Re: BUG #18177: certain queries under certain contexts take multiple orders of magnitude longer compared to v10

From: Robert Leach <rleach(at)princeton(dot)edu>
To: David Rowley <dgrowleyml(at)gmail(dot)com>
Cc: pgsql-bugs(at)lists(dot)postgresql(dot)org
Subject: Re: BUG #18177: certain queries under certain contexts take multiple orders of magnitude longer compared to v10
Date: 2023-11-03 17:49:43
Message-ID: F8C38955-0B08-4992-80C2-36DCC37B7BD6@princeton.edu
Views: Raw Message | Whole Thread | Download mbox | Resend email
Thread:
Lists: pgsql-bugs

I rearranged the order of the responses in this email based on the precedence of the things I've learned...

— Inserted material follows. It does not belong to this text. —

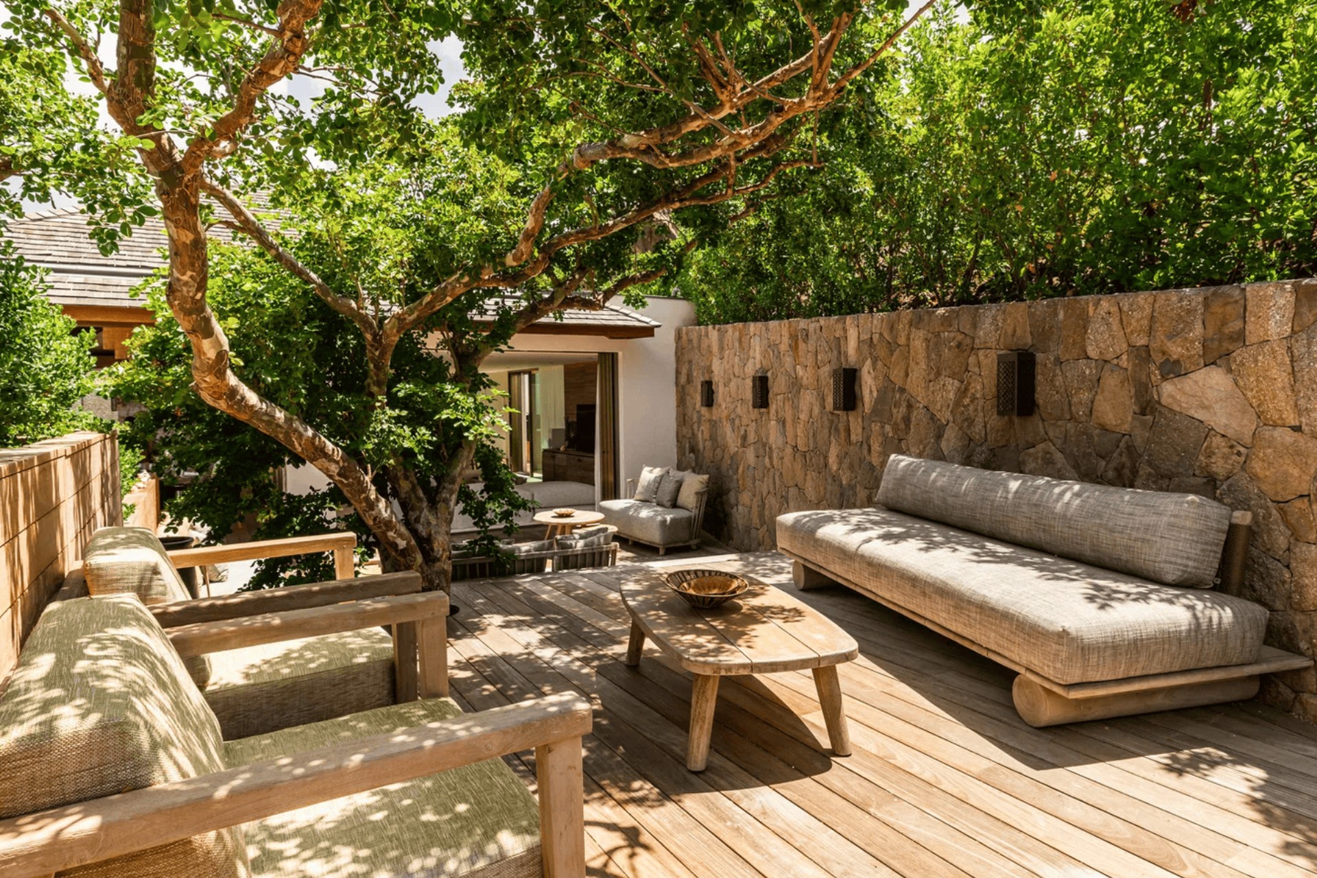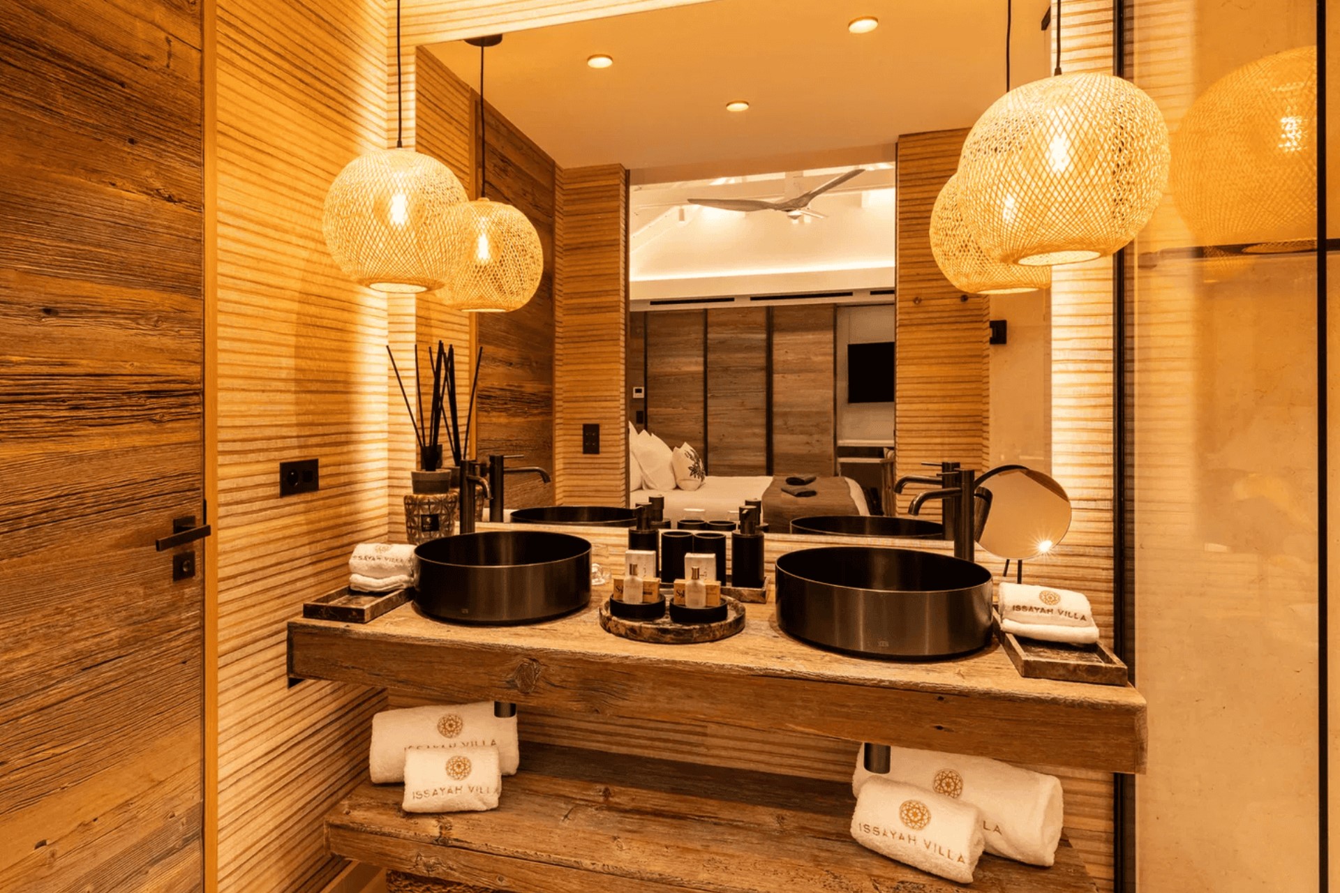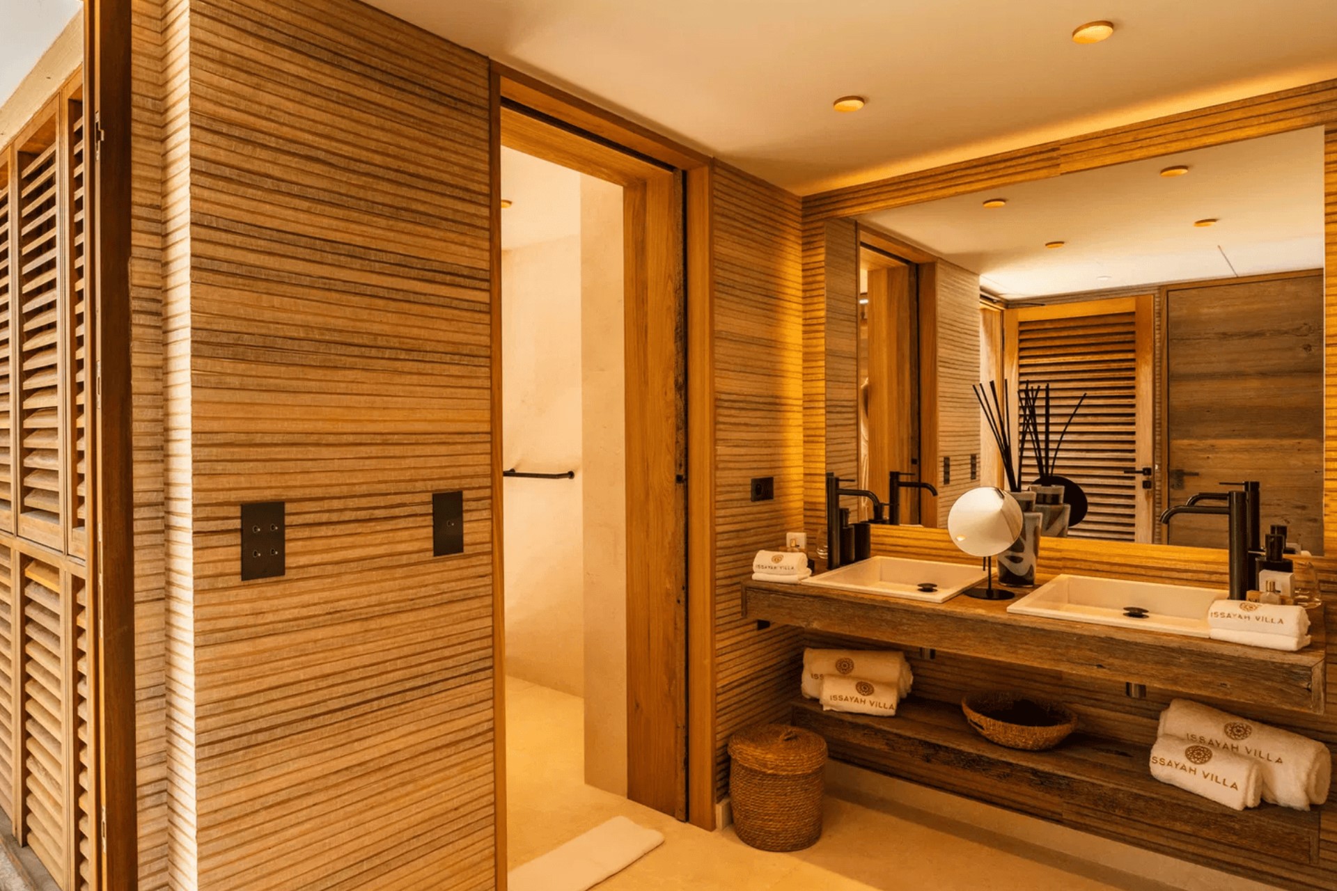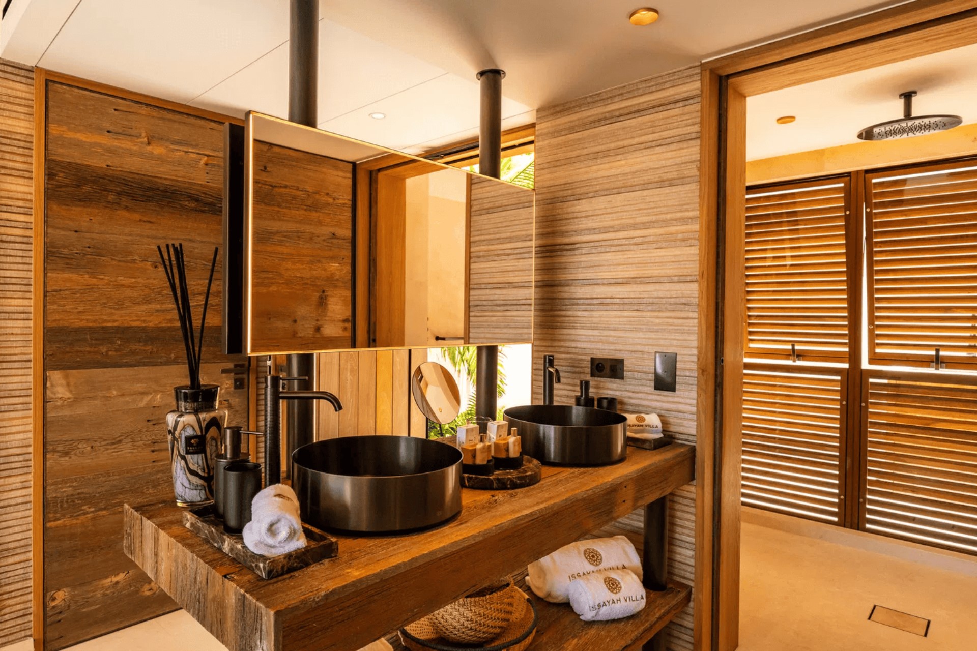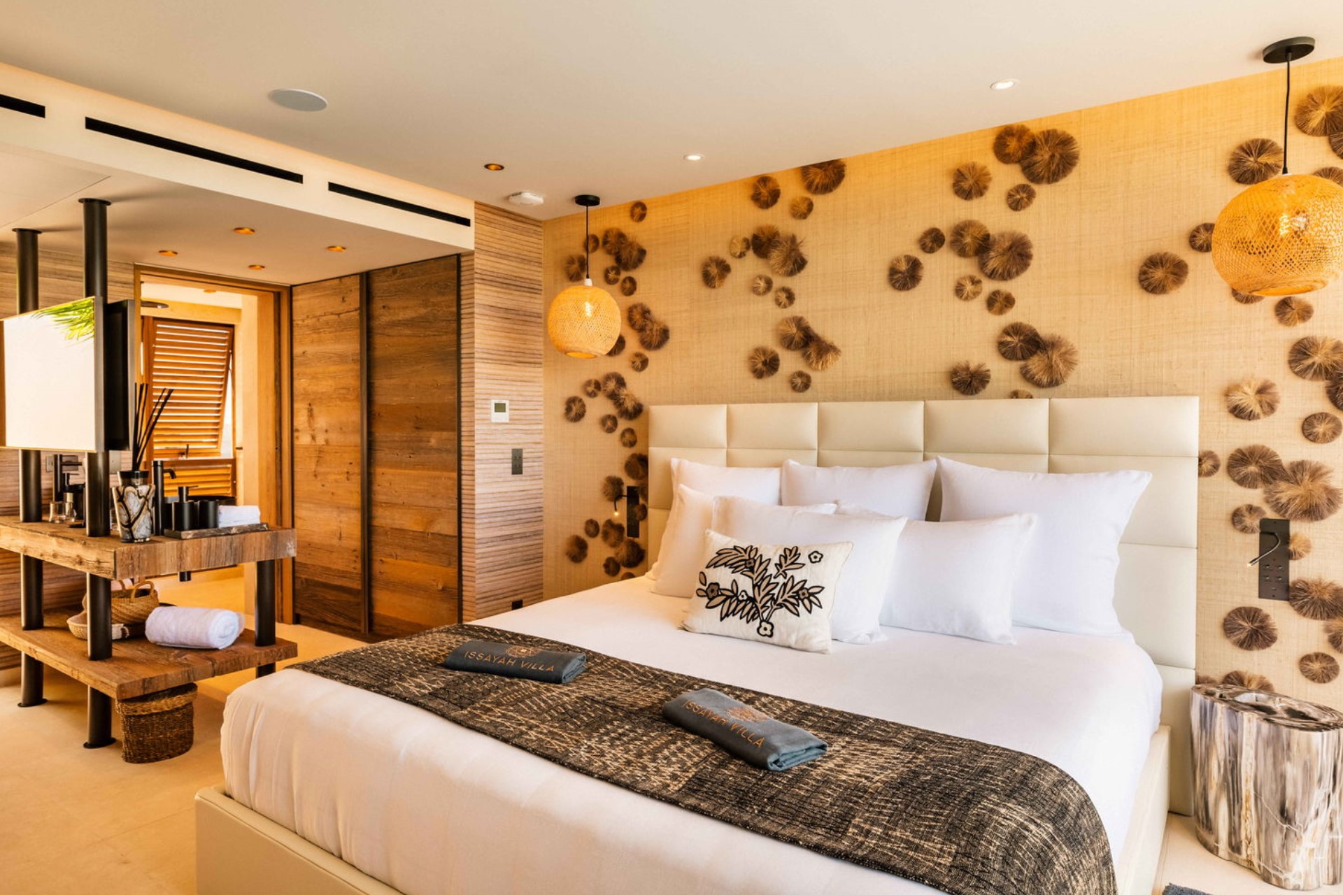 Each of the villa’s three air-conditioned bedrooms is thoughtfully designed to ensure comfort and privacy, featuring king-size beds, en-suite bathrooms, and refined décor. Large windows and terrace access in the bedrooms provide seamless integration with the villa’s stunning surroundings.
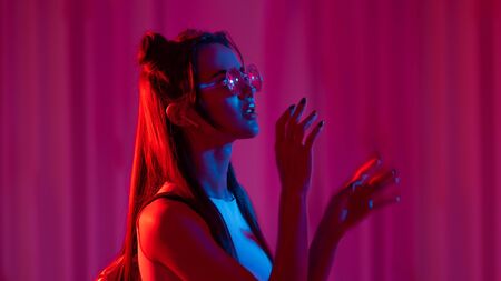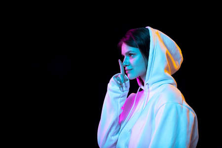Side view of young beautiful girl isolated over dark background in neon light.

>>> select * from pg_stat_user_tables where relid = '"DataRepo_peakdata"'::regclass;
>>
>> When I try to execute this command, I get:
>>
>> psycopg2.errors.UndefinedTable: relation "DataRepo_peakdata" does not exist
>
> You'd need to be connected to the same database as that table exists
> in. Your EXPLAIN output had extra formatting in it. I had assumed the
> quotes were there because the table was created with some upper-case
> characters. PostgreSQL folds unquoted identifiers to lower-case.
> Perhaps you can try without the quotes if you still get that when
> connected to the correct database.

So I finally worked out that only this seems to do the right thing:

cursor.execute("select * from pg_stat_user_tables where relid = '\"DataRepo_peakdata\"'::regclass;")

Before, I was trying:

cursor.execute("""select * from pg_stat_user_tables where relid = '"DataRepo_peakdata"'::regclass;""")

and that apparently didn't work.

Anyway, here's what I see:

Slow case (when having run tests from a separate class first):

After the animal/sample load and before the peak data load:
(2911633, 'public', 'DataRepo_peakdata', 9, 201, 882, 882, 595, 0, 0, 0, 0, 595, 0, 595, None, None, None, None, 0, 0, 0, 0)
After the peak data load and before the *slow* query:
(2914197, 'public', 'DataRepo_peakdata', 9, 201, 882, 882, 595, 0, 0, 0, 0, 595, 0, 595, None, None, None, None, 0, 0, 0, 0)

These are the speeds of the 4 queries in the test:
pg query time: 0.001s
pg count time: 0.141s
carbon count time: 303.786
nitrogen count time: 300.561 (everything runs slower on my laptop at home, so it's over 200s)

Usually slow case (same as above, but the first time I tried it, it went randomly fast):

After the animal/sample load and before the peak data load:
(2911633, 'public', 'DataRepo_peakdata', 9, 201, 882, 882, 595, 0, 0, 0, 0, 595, 0, 595, None, None, None, None, 0, 0, 0, 0)
After the peak data load and before the *slow* query:
(2913556, 'public', 'DataRepo_peakdata', 9, 201, 882, 882, 595, 0, 0, 0, 0, 595, 0, 595, None, None, None, None, 0, 0, 0, 0)

Note, in this particular instance, the queries went FAST:
pg query time: 0.002s
pg count time: 0.066s
carbon count time: 0.036s
nitrogen count time: 0.031s

Always Fast case (when only running that one test):

After the animal/sample load and before the peak data load:
(2912274, 'public', 'DataRepo_peakdata', 3, 0, 0, 0, 0, 0, 0, 0, 0, 0, 0, 0, None, None, None, None, 0, 0, 0, 0)
After the peak data load and before the query:
(2912915, 'public', 'DataRepo_peakdata', 3, 0, 0, 0, 0, 0, 0, 0, 0, 0, 0, 0, None, None, None, None, 0, 0, 0, 0)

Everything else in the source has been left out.